Home

Gerechtshof Arnhem, 03-09-2003, AL4239, 03-00303

Gerechtshof Arnhem, 03-09-2003, AL4239, 03-00303

Gegevens

Instantie
Gerechtshof Arnhem
Datum uitspraak
3 september 2003
Datum publicatie
1 oktober 2003
ECLI
ECLI:NL:GHARN:2003:AL4239
Zaaknummer
03-00303
Relevante informatie
Wet inkomstenbelasting 2001 [Tekst geldig vanaf 01-07-2023 tot 01-01-2024] art. 6.16, Wet inkomstenbelasting 2001 [Tekst geldig vanaf 01-07-2023 tot 01-01-2024] art. 6.32

Inhoudsindicatie

Belanghebbende heeft in zijn aangifte als buitengewone uitgave onder andere een bedrag van ƒ 3.700 opgevoerd ter zake van een reis naar Bosnië in verband met het overlijden van 'vader' (..). Voorts heeft belanghebbende als aftrekbare gift opgevoerd een bedrag van ƒ 483 in verband met een schenking aan een familielid in Bosnië ten bedrage van ƒ 1.175.

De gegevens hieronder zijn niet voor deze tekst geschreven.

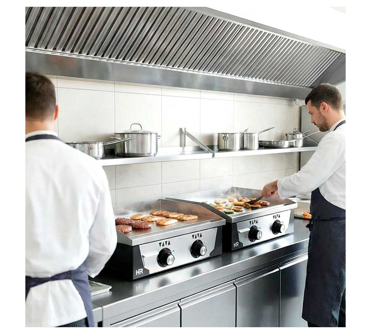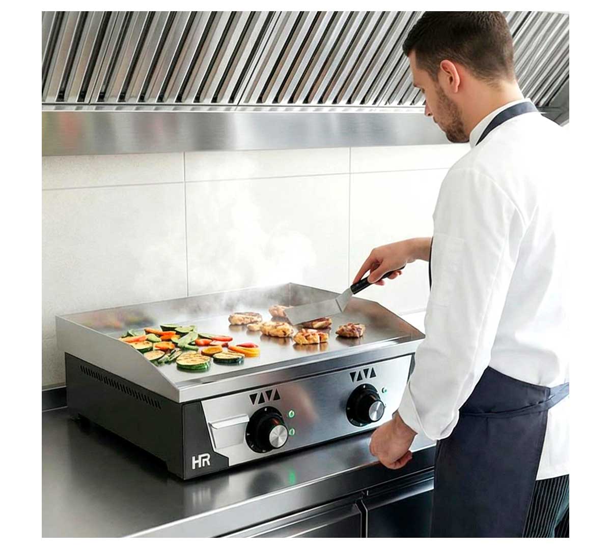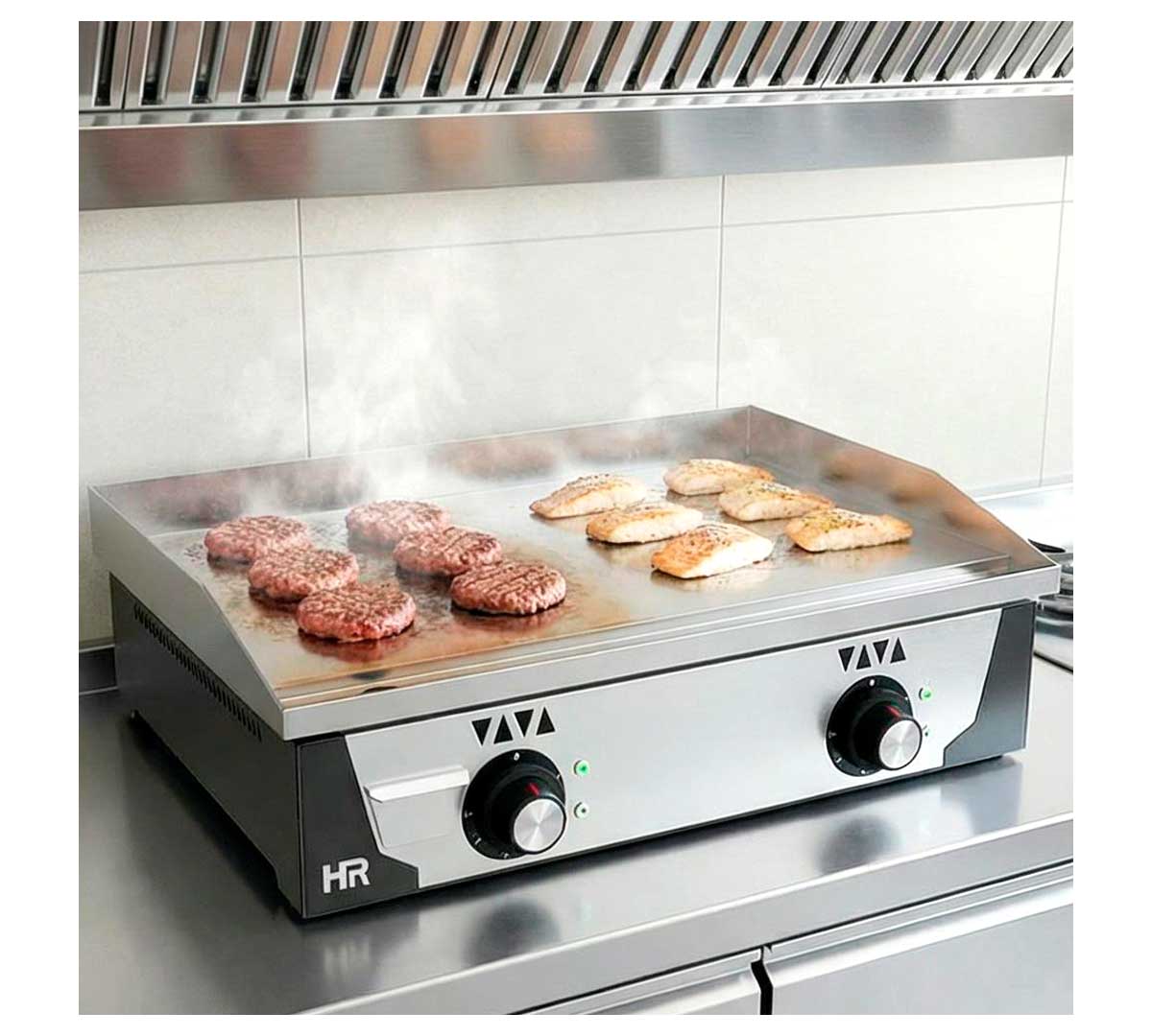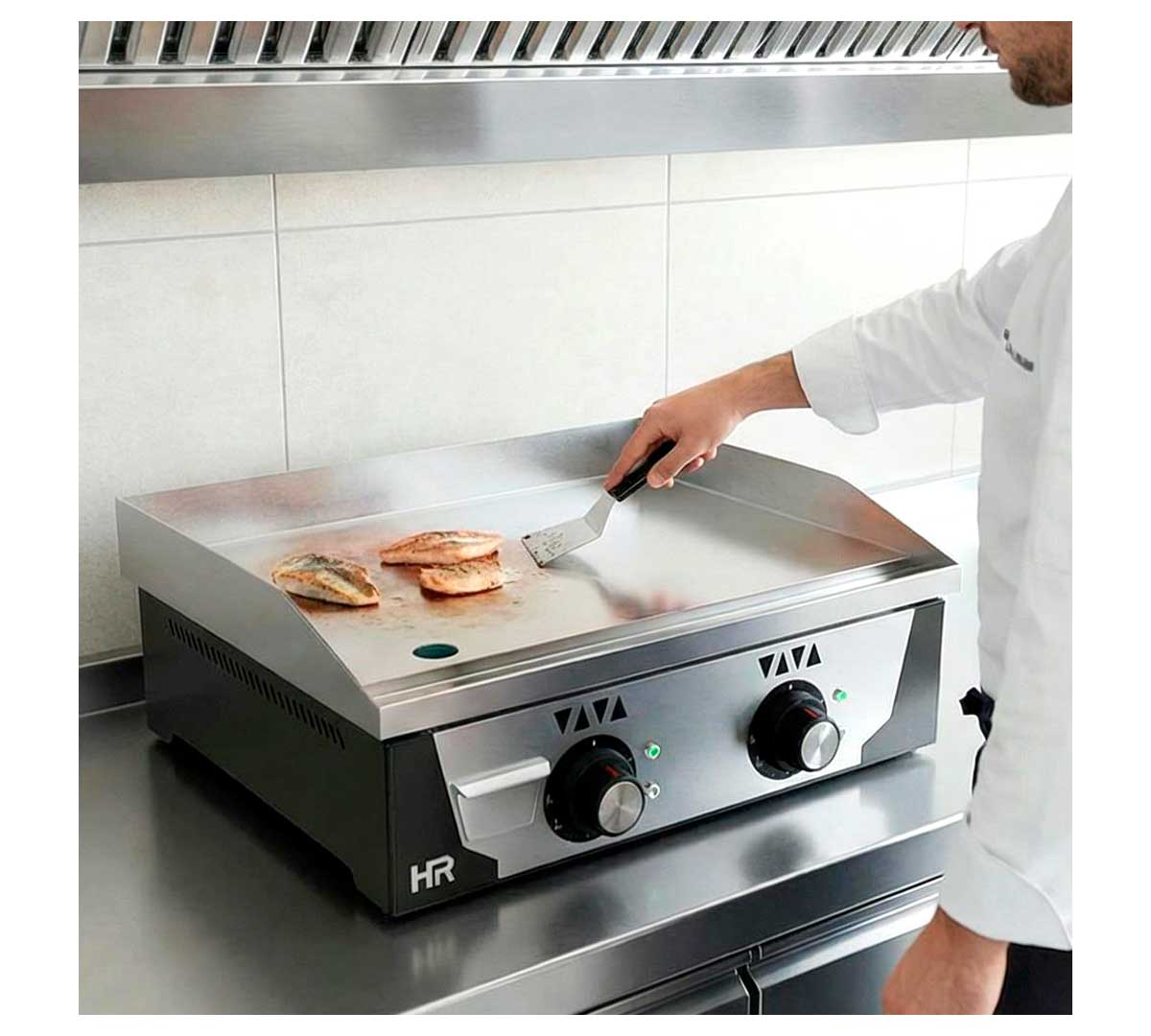 Plancha de cocina eléctrica con patas regulables. Las resistencias son de acero inoxidable. La placa es de cromo, tiene un espesor de 15 mm y la superficie es lisa. Tiene dos zonas independientes de calor regulables de 30 a 300 ºC.

In geschil is of de Inspecteur deze uitgaven terecht niet in aanmerking heeft genomen.

Uitspraak

Gerechtshof Arnhem

elfde enkelvoudige belastingkamer

nummer 03/00303 (inkomstenbelasting)

Proces-verbaal mondelinge uitspraak

belanghebbende : [X]

te : [Z]

verweerder : de Inspecteur van de Belastingdienst/[P]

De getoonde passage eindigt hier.